Silver, who went along on the first field test of the glasses in Ghana, remembers how the first man to try a pair, a tailor forced to retire in his 40s when he could no longer see well enough to work, grinned and immediately started up his sewing machine.

“Tears came to my eyes,” Silver said. “I realized how really important it was for a guy like this to be able to see.” He also realized he’d made a strategic error -- no one wanted to give back the prototypes after trying them.

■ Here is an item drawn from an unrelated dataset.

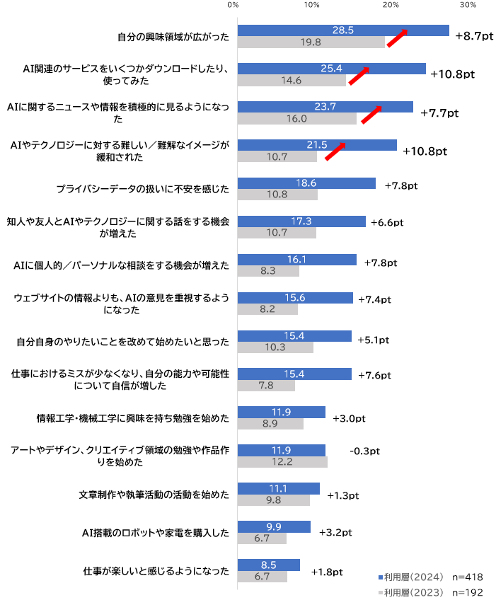 利用層に、AI関連サービス利用後にどのような行動や意識の変化があったのか聞いたところ、「自分の興味領域が広がった」(28.5%)がトップ。次いで、「AI関連のサービスをいくつかダウンロードしたり、使ってみた」(25.4%)、「AIに関するニュースや情報を積極的に見るようになった」(23.7%)、「AIやテクノロジーに対する難しい/難解なイメージが緩和された」(21.5%)が続く。2023年度調査結果と比較すると、ほぼすべての項目で生活者の行動・意識変化は高まっていることが確認できる。

White came across Silver’s invention after watching a Lions Club handout of used glasses in Morocco. Though many people got help, few were able to find glasses that gave them 20/20 vision, he said. He decided there must be a better way. A Google search turned up the self-adjusted glasses. White flew to Oxford for a look and within days had persuaded his superior to place a big order.

“I’ve never seen the military move that fast,” he said. “No one’s a believer until they see them.” The revolutionary glasses have a few drawbacks. They don’t correct astigmatism, but that problem is mild enough in about 80% of potential users that the glasses can still be very effective, Silver said.

Critics also have argued that the do-it-yourself aspect could keep people with eye diseases like glaucoma from visiting doctors who could catch such problems. Silver dismisses that as a major concern, saying that in the locations most likely to benefit from the technology, “there are insufficient professionals and no infrastructure” anyway.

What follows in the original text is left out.